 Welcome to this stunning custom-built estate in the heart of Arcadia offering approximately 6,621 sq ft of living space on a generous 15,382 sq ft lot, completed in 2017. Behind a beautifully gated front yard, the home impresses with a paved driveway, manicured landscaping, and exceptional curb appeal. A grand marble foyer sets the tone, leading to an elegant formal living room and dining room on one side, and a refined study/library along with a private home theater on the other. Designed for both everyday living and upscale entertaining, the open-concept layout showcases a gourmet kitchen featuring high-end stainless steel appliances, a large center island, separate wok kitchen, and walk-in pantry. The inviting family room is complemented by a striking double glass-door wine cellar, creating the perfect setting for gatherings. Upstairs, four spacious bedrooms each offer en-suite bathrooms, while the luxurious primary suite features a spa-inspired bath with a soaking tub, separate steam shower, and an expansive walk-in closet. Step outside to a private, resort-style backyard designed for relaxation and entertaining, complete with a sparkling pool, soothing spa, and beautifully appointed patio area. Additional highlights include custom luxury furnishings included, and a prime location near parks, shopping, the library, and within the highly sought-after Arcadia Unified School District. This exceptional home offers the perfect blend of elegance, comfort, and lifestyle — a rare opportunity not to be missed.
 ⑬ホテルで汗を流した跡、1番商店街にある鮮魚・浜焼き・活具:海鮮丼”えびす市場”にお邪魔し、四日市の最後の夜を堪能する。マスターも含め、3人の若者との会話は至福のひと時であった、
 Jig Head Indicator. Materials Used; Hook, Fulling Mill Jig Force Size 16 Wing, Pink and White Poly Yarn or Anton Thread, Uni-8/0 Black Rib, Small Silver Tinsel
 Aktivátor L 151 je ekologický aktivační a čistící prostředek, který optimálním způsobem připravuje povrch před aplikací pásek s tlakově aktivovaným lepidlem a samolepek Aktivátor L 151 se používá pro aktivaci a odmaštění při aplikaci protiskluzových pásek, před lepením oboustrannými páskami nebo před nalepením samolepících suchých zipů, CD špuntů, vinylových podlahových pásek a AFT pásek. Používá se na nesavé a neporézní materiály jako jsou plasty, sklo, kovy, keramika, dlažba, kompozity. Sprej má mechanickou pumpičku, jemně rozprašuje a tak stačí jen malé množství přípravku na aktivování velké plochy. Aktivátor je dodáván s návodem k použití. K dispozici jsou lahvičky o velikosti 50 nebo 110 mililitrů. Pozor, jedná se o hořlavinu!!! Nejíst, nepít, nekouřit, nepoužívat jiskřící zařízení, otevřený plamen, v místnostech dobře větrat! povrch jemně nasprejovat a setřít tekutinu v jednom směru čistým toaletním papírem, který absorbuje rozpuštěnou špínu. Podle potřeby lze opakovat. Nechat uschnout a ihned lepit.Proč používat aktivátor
...
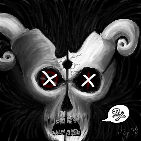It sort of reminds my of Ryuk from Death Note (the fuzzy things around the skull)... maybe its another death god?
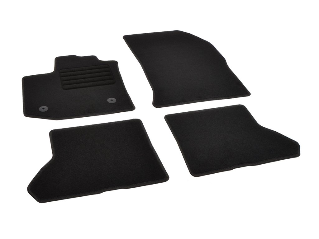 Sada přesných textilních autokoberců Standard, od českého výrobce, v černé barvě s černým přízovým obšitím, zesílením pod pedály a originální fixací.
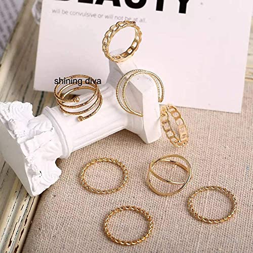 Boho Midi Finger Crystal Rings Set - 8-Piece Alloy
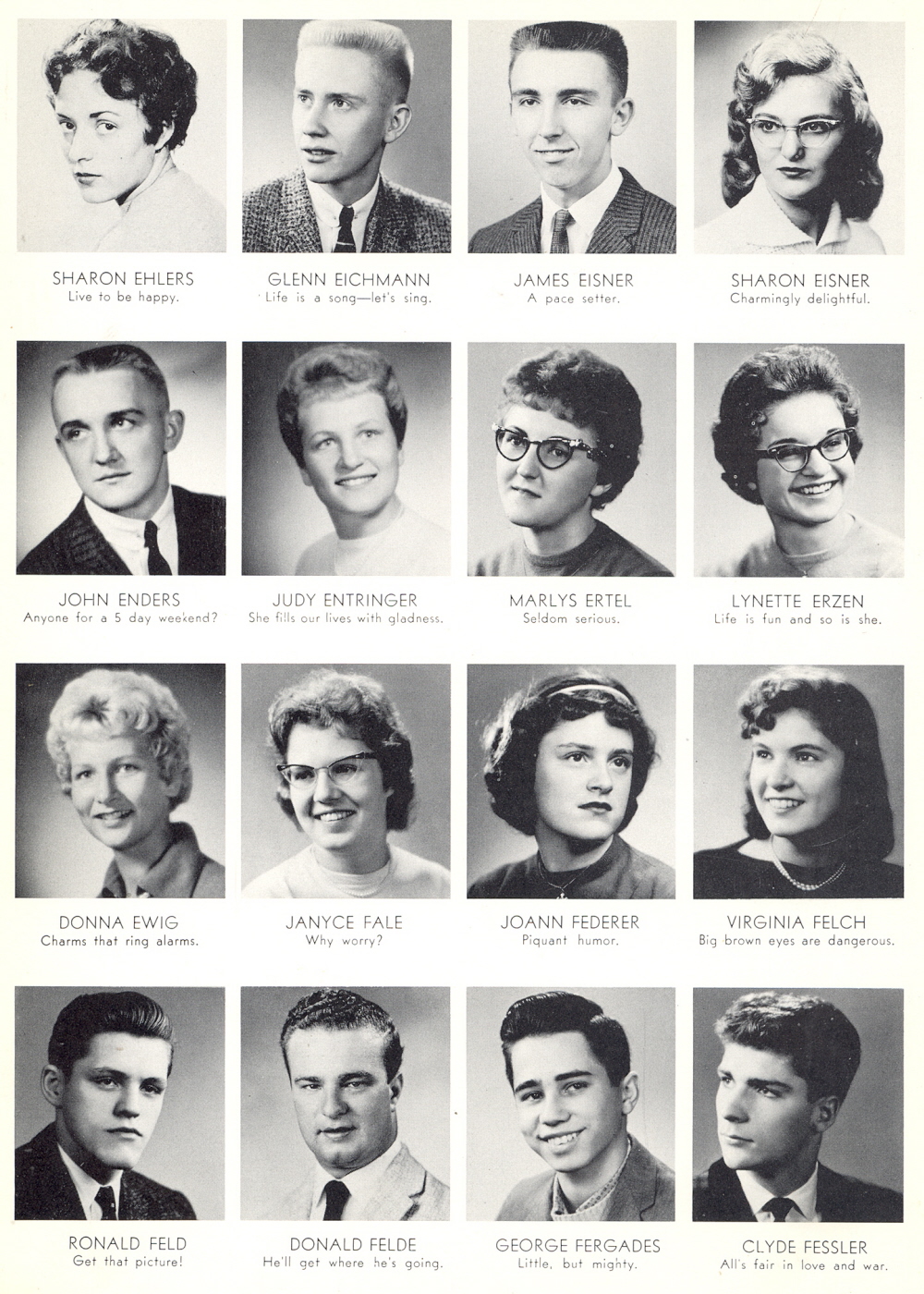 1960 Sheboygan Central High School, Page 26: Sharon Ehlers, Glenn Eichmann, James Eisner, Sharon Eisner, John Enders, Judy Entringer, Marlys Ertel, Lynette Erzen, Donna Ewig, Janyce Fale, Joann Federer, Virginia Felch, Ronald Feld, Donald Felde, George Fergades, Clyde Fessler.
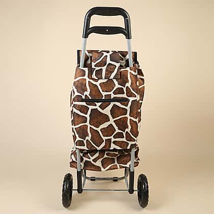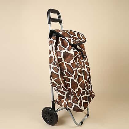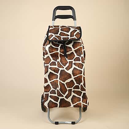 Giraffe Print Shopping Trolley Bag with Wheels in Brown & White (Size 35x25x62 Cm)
---
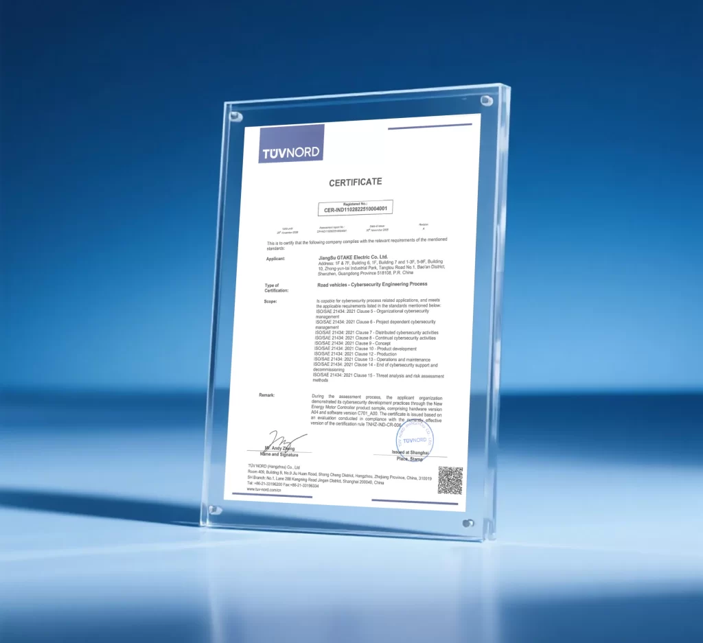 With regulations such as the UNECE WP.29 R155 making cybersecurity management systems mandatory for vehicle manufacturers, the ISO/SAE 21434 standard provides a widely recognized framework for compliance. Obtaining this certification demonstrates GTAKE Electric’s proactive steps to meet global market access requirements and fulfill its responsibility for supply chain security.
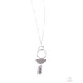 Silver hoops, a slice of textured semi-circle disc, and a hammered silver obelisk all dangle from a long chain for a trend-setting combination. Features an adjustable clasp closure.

[Activity]:
Though the entries above contain pictures, none should be copied; reproduce only the lines between the one holding "Boho Midi Finger" and the one holding "Giraffe Print Shopping", inclusive, exactly as written.

[Output below]:
 Boho Midi Finger Crystal Rings Set - 8-Piece Alloy
 1960 Sheboygan Central High School, Page 26: Sharon Ehlers, Glenn Eichmann, James Eisner, Sharon Eisner, John Enders, Judy Entringer, Marlys Ertel, Lynette Erzen, Donna Ewig, Janyce Fale, Joann Federer, Virginia Felch, Ronald Feld, Donald Felde, George Fergades, Clyde Fessler.
 Giraffe Print Shopping Trolley Bag with Wheels in Brown & White (Size 35x25x62 Cm)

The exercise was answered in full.